The SQLite FAQs warn about bigger problems than slowness: https://www.sqlite.org/faq.html#q5

quotemstr•4mo ago
So there's nothing wrong with NFS: people just remember old, buggy implementations. Do you think TernFS is somehow with these old bugs?
scuff3d•4mo ago
It sounds like you're saying it use to be bad (fair enough) and there are use cases where it's bad (also fair enough). But I feel like that describes most software as it goes through growing pains and people figure out where it's useful.
jleahy•4mo ago
(disclaimer: CTO of XTX)

It was a long long time ago that we were only using NFS, it ran on top of a Solaris machine running ZFS. It did its job at the very beginning, but you don't build up hundreds of petabytes of data on an NFS server.

We did try various solutions in between NFS and developing TernFS, both open source and properietary. However we didn't name these specifically in the blog post because there's little point in bad mouthing what didn't work out for us.

gethly•4mo ago
Eh, aren't all FSs the same, essentially? Can't we just configure the limits during the OS installation and be done with gazillion FSs?
olivia-banks•4mo ago
There’s definitely a space for these highly-specialised filesystems. You wouldn’t want to use this as your /home FS, nor would you want to use ext4 or something similar for what they’re trying to do.
stinkbeetle•4mo ago
No, they aren't. Especially not distributed filesystems which really aren't yet a "solved problem", which in part explains why there are all these proprietary competing ones still around and companies everywhere using all different ones. NFS, BeeGFS, Weka, Ceph, Lustre, GPFS, GoogleFS, Coda/AFS, and more, each with their own flavor of crap.

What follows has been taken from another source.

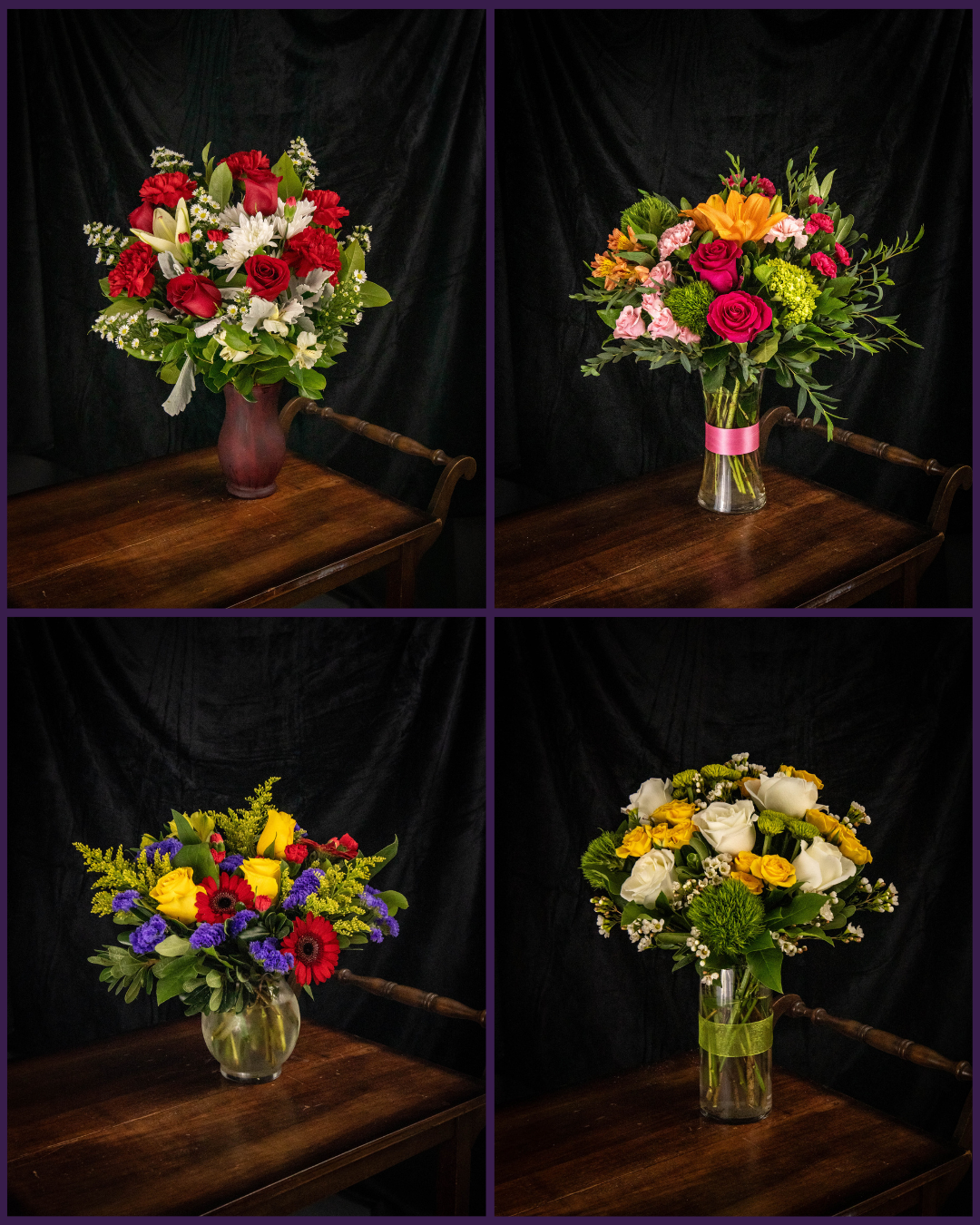 Photos are for size reference only. Flowers and colors will vary based on season and availability. Every arrangement is custom-designed using the freshest blooms and styled to fit the occasion.

For local filesystems, the average PC user shouldn't really care though. Just use whatever your installer defaults. But this story is about a distributed filesystem.

I don't have great hopes for one capable of such massive scale being good and usable (low overhead, low complexity, low adminst cost) in very small configurations, but we can always hope.

voxadam•4mo ago
Previously:

TernFS – An exabyte scale, multi-region distributed filesystem, 247 points, 4 days ago, https://news.ycombinator.com/item?id=45290245

aorth•4mo ago
We used GlusterFS for the past decade or so in HPC but it seems to be abandoned now. Need to see whether I switch to Ceph or something else.

Gluster was OK. We never pushed it very hard but it mostly just worked. Performance wasn't great but we encouraged users to use scratch space that was local to the node where their job was running anyway.